- [Your objective] Output the listing verbatim, leaving out every picture.

- [Source data]
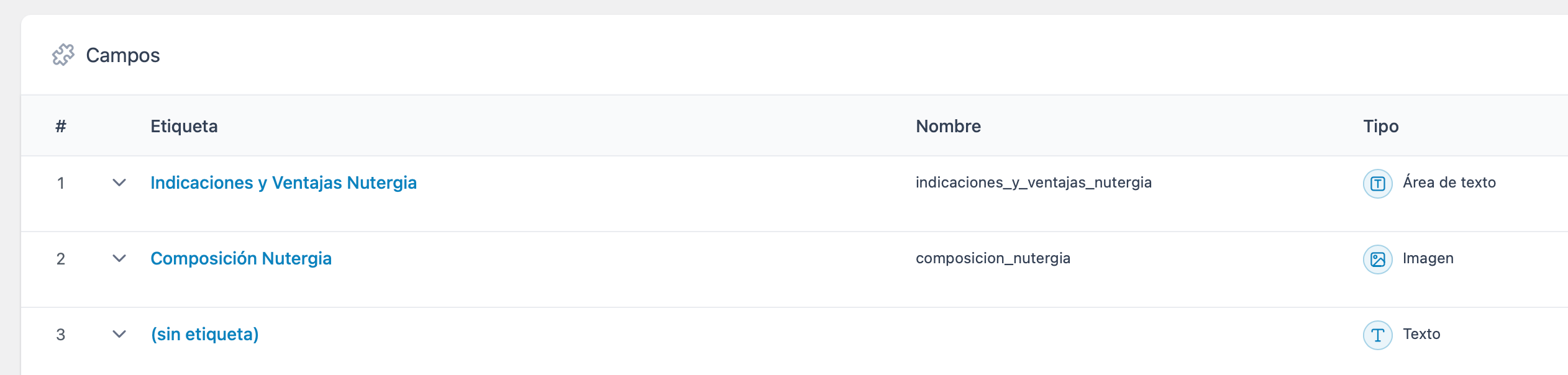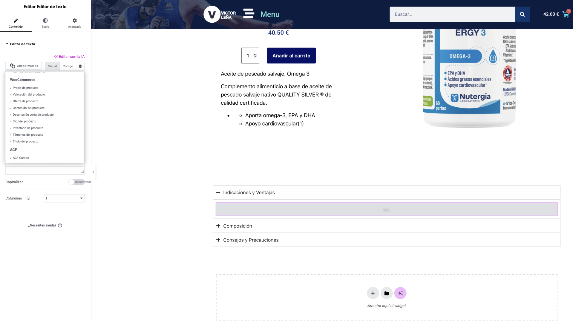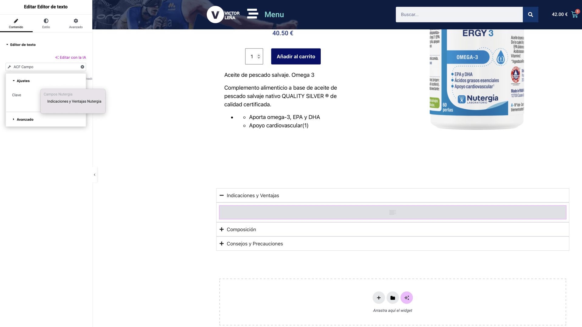 @karen Claro que si. Paso 1 creas el campo en ACF (adjunto captura). Luego completas la información dentro del producto (captura: se ve que escribo "texto de prueba"). Luego en elementor, en el diseño añades el Campo ACF al widget " Campo de TExto" (adjunto captura). Donde en campos dinámicos seleccionas el de texto, y ahí aparece el campo dinámico creado. Pero al seleccionar no se ve nada. No toma la información del campo creado y rellenado en el producto. Muchas gracias...
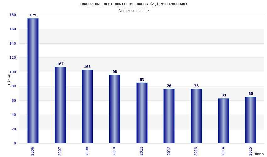 | Anno | Firme | Importi | Media | Naz. | Reg. | Prov. | Comu. |
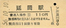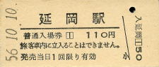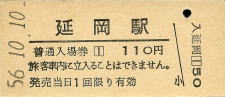 延岡 “のべおか” 110円 〔日豊本線〕 昭和56年10月10日 |
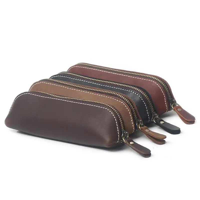 Ручная работа, натуральная кожа, пенал, винтажный Ретро стиль, Воловья кожа, молния, ручка, сумка для школы, очки, канцелярские принадлежност...

- [Task answer]
 @karen Claro que si. Paso 1 creas el campo en ACF (adjunto captura). Luego completas la información dentro del producto (captura: se ve que escribo "texto de prueba"). Luego en elementor, en el diseño añades el Campo ACF al widget " Campo de TExto" (adjunto captura). Donde en campos dinámicos seleccionas el de texto, y ahí aparece el campo dinámico creado. Pero al seleccionar no se ve nada. No toma la información del campo creado y rellenado en el producto. Muchas gracias...
 | Anno | Firme | Importi | Media | Naz. | Reg. | Prov. | Comu. |
 延岡 “のべおか” 110円 〔日豊本線〕 昭和56年10月10日 |
 Ручная работа, натуральная кожа, пенал, винтажный Ретро стиль, Воловья кожа, молния, ручка, сумка для школы, очки, канцелярские принадлежност...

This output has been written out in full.